Along with a few other people, we have underestimated the Federal Reserve’s expansionary monetary policy's firepower. This has translated into an overall ~10% decline in the dollar value since March (2020).
I will purposely avoid talking about opinions on either candidate, political party, or political ideology and will solely comment on the above trend.
We’re seeing an expected and precipitous decline of the dollar's value caused in large part due to our continuous expansionary monetary policy that has been keeping our capital markets afloat for now.
Just as important is the world’s perception of the United States as a stable place to safeguard their capital.
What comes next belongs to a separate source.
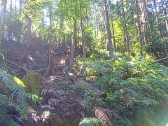 ![]() 食事を済ませ、来た道に引き返す 近畿自然歩道に下り、途中から御園の林道に入る ![]() 途中から象山への尾根に入ろうと取り付き点を探していると、新しい林道が開かれ、木が切り出されていた これを利用しない手はない、思った方向に林道が延びていたが、途中から尾根のソマ道に入り、尾根を進と、又林道上に ウン、これは象山方面に伸びていると見たが、これが失敗で、又尾根に登る ![]() アップダウンや尾根曲がりが多いコノ尾根は、現在地特定がたやすい 四等三角点、押垣内は簡単に見つかる 北緯34°22′00″.9919、東経135°53′09″.6683 標高459.98 所在地 奈良県吉野郡吉野町大字御園642番 ここからは少し歩きにくい尾根だが、ブッシュではない 象山手前のコルに踏み跡が下っている。下山道はこれだと思う、象山に向かうが、羊歯内の踏み跡、山頂には図根三角点がある。ここにも好き者が登っていた ![]() ![]() |
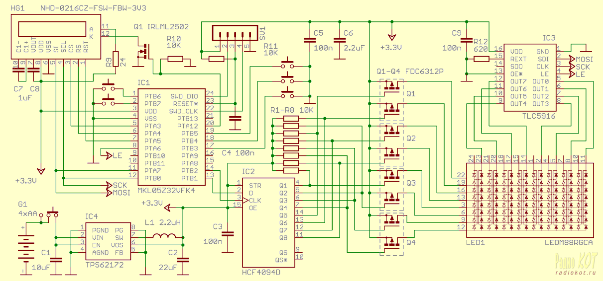 Автор: Сергей Безруков (aka Ser60) и Matthew Holcomb, sergeilb60@mail.ru Хотел я было начать статью словами типа кто в детстве не играл в такую игру на компе. Однако, спохватившись, осознал, что в моём детстве таких игр не было, как и вообще персональных компьютеров, а нынешнее поколение играло или играет в несравненно более продвинутые электронные игры. Тем не менее, сделать самому такую игру для себя или в подарок может быть кому-то интересно. Помимо всего прочего, это неплохой обучающий проект. Напомню кратко правила игры. На экране периодически появляются объекты в случайных позициях (мы их называем фрукты), которые “съедаются” змеёй, управляемой пользователем. Змея может двигаться только по вертикали или горизонтали и не допускается при движении выходить за пределы поля или пересекать тело змеи - в этих случаях игра будет закончена. При съедении фрукта длина тела змеи увеличивается и прибавляется некоторое количество очков к счёту. Цель игры - набрать как можно больше очков. Скорость движения змеи увеличивается в процессе игры и в начале её имеется возможность выбрать один из трёх уровней сложности. В Интернете легко ищутся реализации этой игры для компьютеров или смартфонов с красивой графикой. Однако, начинающим сделать что-то подобное не просто. В нашем случае вся графика реализована на 8×8 монохромной светодиодной матрице с CA, где фрукты индицируются одной точкой. Это был первый микроконтроллерный проект моего студента Мэтта, и мы решили поделиться нашей реализацией с сообществом. Сразу отмечу, что алгоритм игры и вообще её прототип были заимствованы из одного проекта на Arduino [1]. Мы переделали его под другую элементную базу и индикаторы, включая их управление. Плата на снимке выше расположена горизонтально для удобства чтения. В верхней части платы расположен LCD дисплей, на котором отображается текущий счёт игры и её состояние. При окончании игры на светодиодной матрице высвечивается крест, показанный выше. Начало игры производится нажатием на среднюю кнопку, остальные кнопки предназначены для управления движением головы змеи в соответствующих направлениях. Её туловище при этом следует траектории движения головы. Для получения растра на матрице используется динамическая индикация, при которой в каждый момент времени высвечивается один столбец матрицы. Смена столбцов производится каждую миллисекунду, что соответствует частоте обновления всего дисплея 125гц. Иррегулярная разводка выводов дисплея на схеме сделана с целью упрощения геометрии печатной платы. Драйвер матрицы IC3 задаёт ток каждого светодиода в столбце, определяемым сопротивлением резистора R12. При питании от батарей пришлось пойти на компромисс между яркостью матрицы и потребляемым схемой током. Кстати, матрица содержит пару светодиодов для каждой точки – красный и зелёный. Нами используется только один из них – зелёный, поскольку чувствительность глаза к зелёному цвету выше чем к красному, что позволило несколько уменьшить ток через светодиоды. Загрузка данных в драйвер производится по интерфейсу SPI на частоте 400кгц. После загрузки данных для очередного столбца формируется краткий строб на входе LE (Latch Enable), в результате которого принятые данные передаются в каскад управления светодиодами. Это исключает мерцание светодиодов в процессе загрузки данных в драйвер.

The U.S will continue to be the best place to store your capital if and only if:
- We manage to maintain a stable political system. The uncertainty of the election cycle and the attack on our election process is not good for business.
- The talent imbalance continues to favor the U.S. Ever since WWII; the U.S has had the capital and the luxury to finance the ideas of some of the most ambitious and smartest people from all over the world. If the United States' perception gets damaged and the net inflow of “brilliant people” we have enjoyed for decades ends, we could be accelerating the end of the USD as a global reserve currency.